Field Specialization: Just another JIT?
In an earlier blog post, we discussed how field specialization creates optimized code at DBMS runtime. There is another widely used technology, Just-in-Time (JIT) compilation, that also performs code optimization at runtime. This blog entry looks at how these two approaches to runtime optimization resemble, and differ from, each other.
JIT compilers are used alongside interpreters, for languages like Java, JavaScript, and Python, to speed up interpreted byte code. The primary objective here is to remove the overhead of bytecode interpretation by compiling the bytecode into native code at runtime. Along the way, JIT compilers will also do other optimizations, e.g., register allocation, to remove inefficiencies arising out of the original bytecode representation of the program. Figure 1 illustrates the flow from source to execution in the presence of JIT compilation.
Figure 1: JIT Compilation
JIT compilation and field specialization share some characteristics arising out of the fact that they both perform optimizations and generate code at runtime. For example, both contain mechanisms to create code dynamically, link this code into the rest of the program (which requires some of the functionality of a linker), transfer control to the newly created code, and maybe garbage-collect the dynamically created code when appropriate. Once we go beyond this sort of dynamic code generation infrastructure, however, the two turn out to be quite different.
Field specialization differs from JIT compilation in two fundamental ways. First and most important, while JIT compilation is applied to interpreted bytecode, field specialization is applied to native code. The primary objective of field specialization is to speed up software -- including code that may have already been extensively optimized by the compiler -- by taking advantage of runtime invariants that are unavailable at compile time. Since JIT compilation is applied only to the code that is interpreted, it does nothing to speed up the interpreter itself. Field specialization can speed up compiled and optimized code.

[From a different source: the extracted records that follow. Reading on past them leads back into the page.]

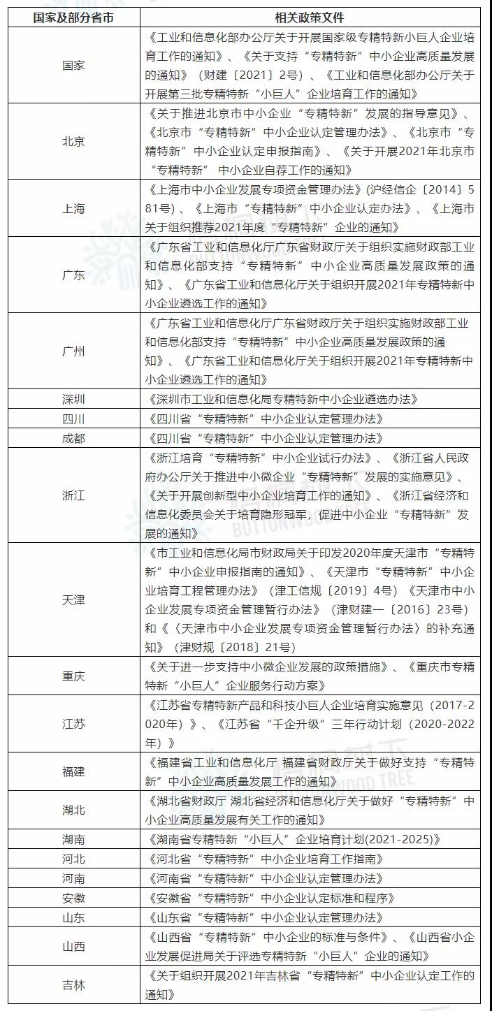 2021年1月23日,財政部、工業(yè)和信息化部聯(lián)合印發(fā)《關(guān)于支持“專精特新”中小企業(yè)高質(zhì)量發(fā)展的通知》,啟動中央財政支持“專精特新”中小企業(yè)高質(zhì)量發(fā)展政策。為讓企業(yè)對申報相關(guān)事宜有更深入的了解,現(xiàn)對各地申報認(rèn)定“專精特新”政策進(jìn)行匯總。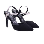 Zapatilla de punta fina con tiras decorativas y tacón alto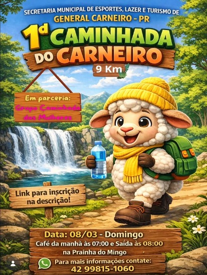 A comunidade de General Carneiro já pode se preparar para uma manhã especial de lazer, saúde e contato com a natureza. No dia 08 de março, acontece a 1ª Caminhada do Carneiro, um evento que promete reunir famílias, amigos e amantes da vida ao ar livre em um percurso repleto de belas paisagens, trilhas e cachoeiras.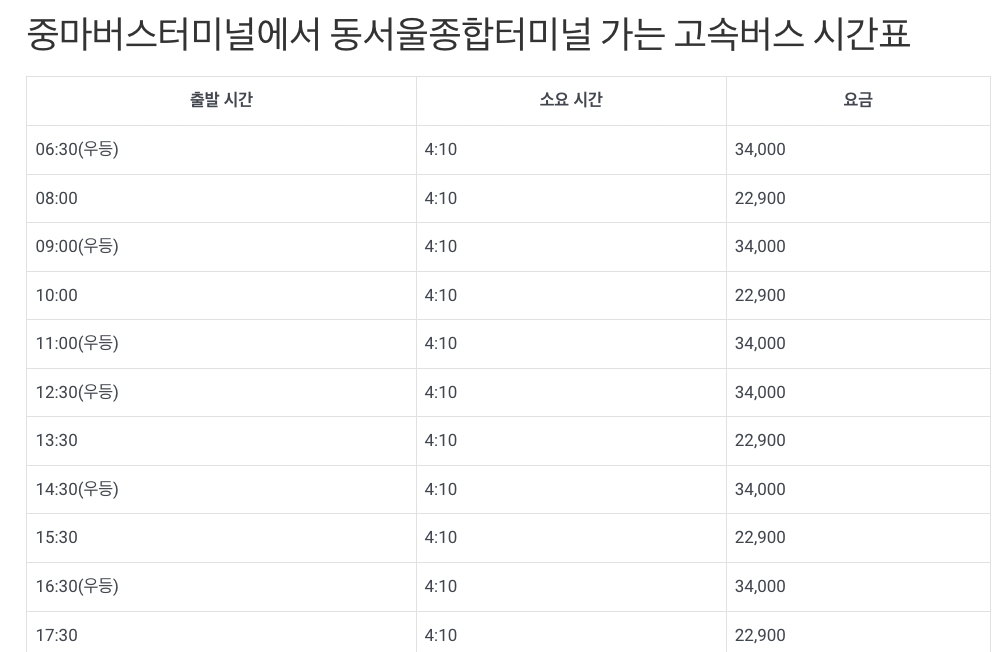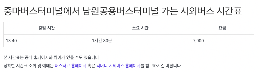 중마터미널 시간표는 위 페이지에서 제공을 하고 있습니다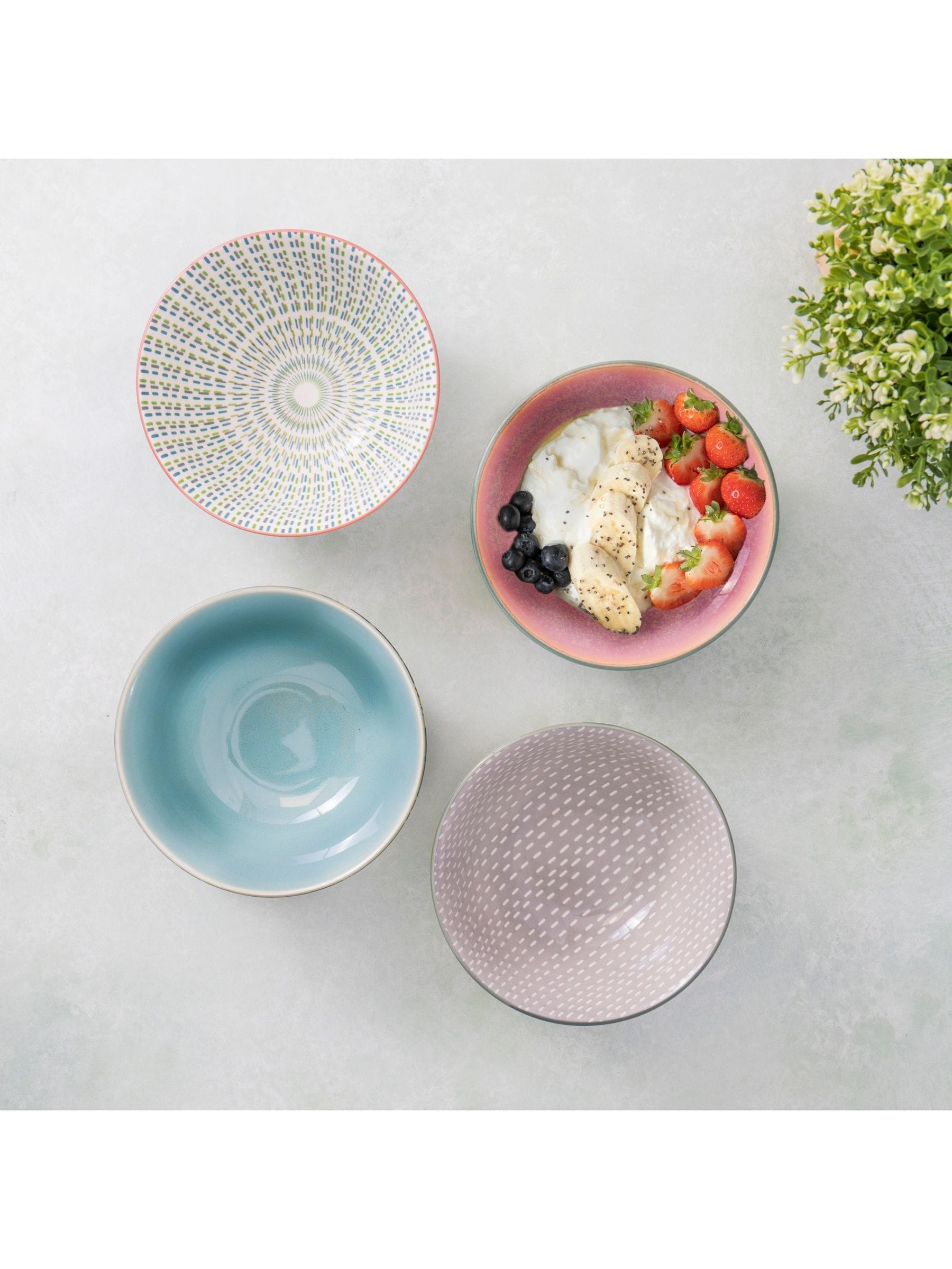 Great-value set includes 4 x robust ceramic cereal bowls. Jazz up your crockery cupboard with the 4 funky floral designs. Rely on them for serving cereal, soups, ramen, snacks or healthy Buddha bowls. Made of robust, dishwasher-safe stoneware, they're ideal for everyday use. These breakfast bowls come ready to wrap in a KitchenCraft gift box, complete with a 12-month guarantee. Need to refresh your crockery collection? Know a friend with a new house or spouse? This colourful cereal bowl set is just what's needed. It includes four bowls, each with a distinctively delightful design. Use them every day for cereal, snacks, ramen or healthy, tasty Buddha bowls. Made of robust stoneware, they're built to stand up to regular use. Need to reheat, eat and go? Good news: the bowls are microwave-safe – and dishwasher-safe for good measure. Designed in the UK by KitchenCraft. Each measures 15cm wide by 7cm tall.

A second big difference between field specialization and JIT compilation is in when the analysis to perform the optimization is performed, and consequently, the kinds of optimizations available. In the JIT compilation model, we have an interpreter plus some unknown bytecode programs that have to be optimized. It therefore requires additional runtime infrastructure to monitor the bytecode programs as they execute, find hot spots, and identify optimization opportunities. Since the cost of execution monitoring and code optimization count against the benefits of optimization, JIT compilation typically restricts itself to simple and lightweight optimizations (though some JIT compilers may, in some situations, apply medium-weight optimizations). By contrast, the field specialization model assumes that the program being specialized (i.e., the DBMS) is known ahead of time and so hot spots and applicable optimizations can be determined ahead of time, and so those activities don't incur a runtime cost. This allows field specialization to apply heavier-weight analyses and optimizations that would be too expensive to be practical in a JIT compiler.
A third difference between these two optimization approaches is that in modern JIT compilers, the optimizations typically progress through several levels of sophistication, while in field specialization the optimizations are applied in a single step. As mentioned above, the JIT compiler doesn’t have advance knowledge of the execution behavior of the program it’s compiling, and so has no way to tell, ahead of time, whether a particular method will be invoked only a few times and so is only worth the cost of a few lightweight optimizations of limited benefit, or whether it will be executed a large number of times and so is worth a much larger optimization effort. JIT compilers deal with this problem by moving the code it is optimizing through a number of different optimization levels, with the higher levels corresponding to higher-cost higher-benefit optimizations. This problem doesn’t arise in field specialization since the execution characteristics of the code being specialized are known ahead of time. As a result, field specialization does not need the additional runtime machinery (and cost!) to keep track of execution counts and optimization levels in JIT compilers.
Figure 2 illustrates the flow from source to execution in the presence of field specialization.
Figure 2: Field Specialization
Notice, in the first figure, how much larger and more complex the runtime environment needs to be in the case of JIT compilation as compared to that for field specialization in the second figure. In field specialization, much of the machinery needed for runtime code specialization is moved to the (static) field-specializing compiler, which makes it possible to have a much simpler, more lightweight, and more efficient runtime system.